Tracking information is not utilized in the Phase-1 L1T, which makes certain analyses – such as distinguishing charged and non-charged particles (e.g. electrons and photons) – infeasible. Future upgrades to the L1T system focus on incorporating tracking information and making other algorithms available to improve the selectivity and capabilities of the L1T system [35]. We explore the impact which improved L1T classification skill has on the DAQ by increasing the separation between scores produced by positive and negative samples in a model of the Phase-1 L1T classifier (see Classifier Model for details).

System	DAQ Power (MW)	Precision (%)	Recall (%)	Productivity (1/kJ)
Phase-1	52.	40	40	0.059
GPU HLT	26.	38	39	0.11
L1 Tracks	52.	100	79	0.10
Smart Pixels	41.	40	40	0.074
GPU and L1 (Phase-2)	26.	100	79	0.20
Smart GPU	41.	100	79	0.13
Smart L1	20.	38	39	0.14
Smart Phase-2	20.	100	79	0.26

Table 2: System-level power consumption, classification performance, and overall productivity as various changes are implemented into the CMS DAQ. "GPU" corresponds to the utilization of GPU hardware to parallelize HLT algorithms for event selection. "L1 Tracks" corresponds to the introduction of tracking information in the L1T, improving the performance of its classifier. "Smart pixels" corresponds to the introduction of smart sensing elements within the inner tracker that remove unnecessary data from samples.
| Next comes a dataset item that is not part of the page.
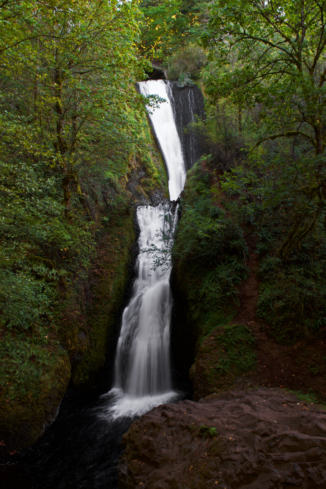 On our first afternoon, we headed east on the Historic Columbia River Highway from our RV park to check out the first few waterfalls of the Gorge. A 15-minute drive on this beautiful twisting highway with views of the Columbia River brought us to the trailhead for Bridal Veil Falls. The hike down to these falls is about one-third of a mile. A lovely bridge provides views of the creek framed by moss and fern-covered trees, and a short walk up the hill on the other side of the creek brings the double Bridal Veil Falls into view. After lingering on the viewing platform for a bit, we climbed down on the rocks below the platform to view the falls from the creek.

Our model predicts that improving the performance of classification within the L1T can lead to significant improvements in overall system performance; improving the separation of scores between positive and negative samples within the L1T by 40% can lead to the same improvement in overall system classification performance as increasing the number of samples sent from L1T to the HLT by 750% (Figure 6). As the L1T is responsible for discarding the majority of samples collected from the detector, any improvement to it significantly improves the entire DAQ.

5.2.2 GPU HLT

Many algorithms utilized within the event reconstruction carried out in the HLT can be effectively parallelized; this allows software to take advantage of hardware such as GPUs to increase throughput. Experiments using parallelized routines running on GPU hardware for CMS event analysis show an increase in the number of samples which can be processed per second by using a GPU (such as an approximate 50% increase using an NVIDIA A100) [5]. This change is captured in the SystemFlow model by adjusting the complexity function of the HLT processing node to match the throughput results of the parallelized algorithms. Simultaneously, the power for the node is modified to match the average dissipation of the NVIDIA SXM4 A100 accelerator (400 $W$ ). Incorporating this change into the DAQ system would roughly double system productivity to 0.13 $1/kJ$ , as HLT consumes the vast majority of processing energy (Table 2). Aggressive improvements to GPU hardware could further improve the energy efficiency of traditional HLT algorithms - however, this may be limited by development trends in GPUs focusing on limited-precision numerical representations adapted to AI systems’ needs [38].

5.2.3 Smart Sensing

Processing adapted to specific sensors has been proposed as a method to reduce the amount of data which must be transported from detector systems while simplifying subsequent processing. For instance, high-resolution pixel sensors with on-chip neural networks can be used to detect and reject data from low-momentum particles irrelevant to later analysis [39]. The impact of this change on the DAQ is modeled after this result by assuming neural network ASICs integrated into next-generation tracking modules ("Smart Pixels") could reduce the amount of data from an inner tracker pixel module by 54% or more, dissipating 300 $\mu W$ to analyze 256 pixels. We assume this approach could scale effectively to the CMS Inner Tracker, which has two billion pixels and would require at least 2.3 kW to implement a classification algorithm co-located with detection elements.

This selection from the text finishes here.